Хулия не слишком охотно кивнула. Они дружили давно, но ее до сих пор не переставала удивлять эта способность Менчу извращать все, что имело хотя бы отдаленное отношение к искусству.
– Любая из этих скульптур – я имею в виду оригиналы – обошлась бы тебе намного дешевле.
Менчу цинично улыбнулась.
– Ты хочешь сказать – дешевле, чем Макс? Это уж точно, можешь не сомневаться. – Она драматически вздохнула, прикусывая маслину из мартини. – По крайней мере, Микеланджело изображал их в чем мать родила. Ему не приходилось одевать их при помощи кредитных карточек.
– Тебя никто не заставляет оплачивать его счета.
– В этом-то и весь кайф, золотко. – Менчу томно, театрально взмахнула ресницами. – В том, что никто меня не заставляет. Вот так-то.

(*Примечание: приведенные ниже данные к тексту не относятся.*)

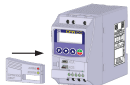
(b) Accessory connection (b) Conexión del accesorio (b) Conexão do acessório
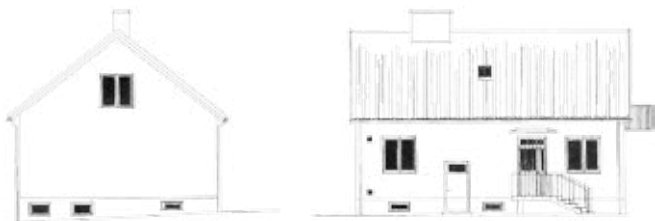
Kvarteren Våpnaren och Vapnet i området Kämpagården bebyggs redan under krigsåren med småhus. Ritning till enfamiljshus i korsningen Myntusgatan – Riddaregatan, upprättad 1943 av arkitekt Mogens Mogensen, Helsingborg.

som fortfarande var rådande, ledde vanligen till enkla rutnätsplaner med raka gator. Villaarkitekturen blev på många sätt en mer folklig riktning av 30-talets funktionalism och präglades av enkelhet. De putsade fasaderna levde kvar men stående locklistpanel blev också vanlig som fasadbeklädnad, gärna målad i dämpade pastellfärger. Små enplansvillor om tre rum och kök med källare blev mycket vanliga. Sadeltaken var tegeltäckta och planformen blev mer rektangulär än 1930-talets "funkislådor". Traditionen att bygga villor för två hushåll, där ägaren hyrde ut en av bostäderna, levde kvar och fick sitt uttryck i villor i 1 ½ våning med förhöjt fasadliv och brantare taklutning. Resurserna var fortfarande knappa efter krigsåren, så i trädgårdarna anlades köksträdgårdar och planterades fruktträd och bärbuskar.

И она допила свой бокал, старательно оттопыривая мизинец. Впрочем, она делала это нарочно, напоказ, словно дразнясь. Менчу было уже за сорок (даже более того: ближе к пятидесяти, чем к сорока), однако возраст не охладил ее живейшего интереса ко всему, что касалось секса. Она ощущала его присутствие во всем – даже в самых незначительных деталях произведений искусства. Может быть, поэтому ей удавалось относиться к мужчинам с той же хищной расчетливостью, с какой она оценивала перспективность предлагаемых ей картин. Среди своих друзей и знакомых хозяйка галереи Роч пользовалась репутацией женщины, которая никогда не упускала случая прибрать к рукам заинтересовавшие ее картину, мужчину или дозу кокаина. Она все еще могла считаться достаточно привлекательной, хотя, разумеется, трудно было не заметить того, что, в силу ее возраста, Сесар язвительно именовал «эстетическими анахронизмами». Менчу решительно не желала стареть хотя бы потому, что ей абсолютно не улыбалась подобная перспектива. И в качестве защитной меры, а возможно, и некоего вызова самой себе она намеренно старалась казаться вульгарной – во всем, от макияжа и одежды до выбора любовников. В подтверждение своей идеи о том, что торговцы произведениями искусства и антиквариатом – всего лишь старьевщики более или менее высокой квалификации, она изображала эдакую простецкую, грубоватую дамочку, даже не претендующую на «интеллигентность» (что никак не соответствовало действительности), приводя в недоумение людей, которые сталкивались с ней впервые, и открыто насмехаясь над тем кругом более или менее избранных, где проходила ее профессиональная жизнь. Она разыгрывала эту роль с той же естественностью, с какой утверждала, что самый сильный оргазм в своей жизни испытала, мастурбируя перед репродукцией «Давида» Донателло, напечатанной в таком-то каталоге под таким-то номером. Сесар со свойственной ему утонченной, почти женской, жестокостью отзывался об этом эпизоде как о единственном в жизни Менчу Роч проявлении действительно хорошего вкуса.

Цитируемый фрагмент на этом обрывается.